1

I am struggling with a specific OpenVPN scenario for a few months now. Researching on Google, reading on Serverfault, browsing Blogs and other forums, messing with my config time and time again. I am not sure anymore, if my requirements even logically work.

Here the scenario:

I have a rented Root-Server, which I use for several services, cloud-storage, backups, etc. To keep it simple, let's call the elements Client1 and Client2 and Server1.

Server1 is using the tun-Device.

  • Client1 Physical Network: 192.168.1.0/24
  • Client2 Physical Network: 192.168.178.0/24
  • Client1 Physical IP: 192.168.1.4

  • Client2 Physical IP: 192.168.178.22

  • Server1 Virtual Network: 192.168.2.0/24

  • Server1 VPN-IP: 192.168.2.1
  • Client1 VPN-IP: 192.168.2.6
  • Client2 VPN-IP: 192.168.2.10

Both clients can connect to the VPN-Server and use it's services without problems. Both Clients can ping the servers VPN-IP successfully. Server1 can't ping the clients VPN-IP's. Both Clients can't ping each others VPN-IP.

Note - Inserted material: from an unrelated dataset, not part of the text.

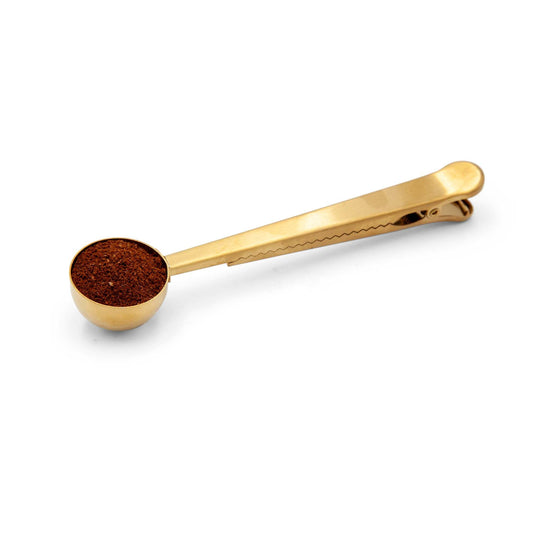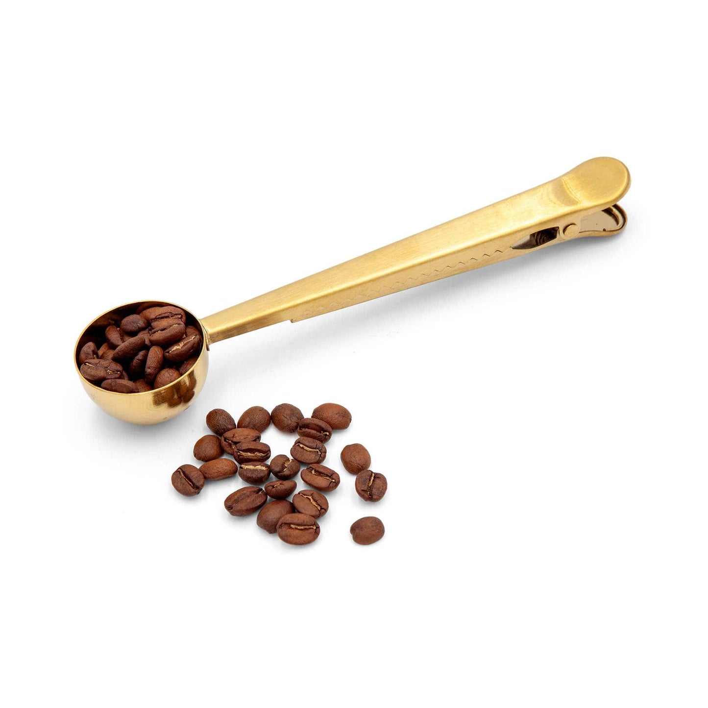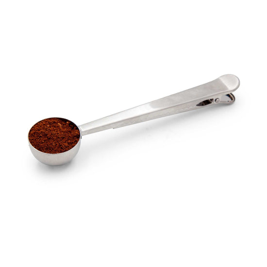 Perfect for ground coffee and loose tea leaves, this clever stainless steel coffee measuring spoon comes with a handy crocodile clip to re-seal your coffee grounds, making sure the contents stays fresh.

I want to connect both clients so that they can communicate as in a physical LAN, but fail to do so.

Here are my configurations.

Server config:

port 1195
proto tcp-server
dev tun1
ca keys/server1/ca.crt
cert keys/server1/openvpn-server.crt
key keys/server1/openvpn-server.key
dh keys/server1/dh4096.pem
server 192.168.2.0 255.255.255.0
crl-verify keys/server1/crl.pem
ifconfig-pool-persist servers/server1/logs/ipp.txt
cipher AES-256-CBC
user nobody
group nogroup
status servers/server1/logs/openvpn-status.log
log-append servers/server1/logs/openvpn.log
verb 2
mute 20
max-clients 100
local XXX.XXX.XXX.245
management 127.0.0.1 8877
keepalive 10 120
client-config-dir /etc/openvpn/servers/server1/ccd
client-to-client
comp-lzo
persist-key
persist-tun
ccd-exclusive
push "redirect-gateway def1"
push "dhcp-option DNS XXX.XXX.XXX.98"
push "route 192.168.2.0 255.255.255.0"

Client1 config:

client
proto tcp-client
dev tun
ca ca.crt
dh dh4096.pem
cert user1.crt
key user1.key
remote XXX.XXX.XXX.245 1195
cipher AES-256-CBC
verb 2
mute 20
keepalive 10 120
comp-lzo
persist-key
persist-tun
float
resolv-retry infinite
nobind
push "route-gateway 192.168.2.1"

Client2's config is, besides the certificates, exactly the same.

On the server /etc/sysctl.conf contains the entry net.ipv4.ip_forward=1 Client-Firewalls have been adjusted to let OpenVPN pass through. IP-Forwarding is activated on both Clients per IPEnableRouter registry-switch.

IP-Tables has only one specific extra rule, to enable access to the Internet. 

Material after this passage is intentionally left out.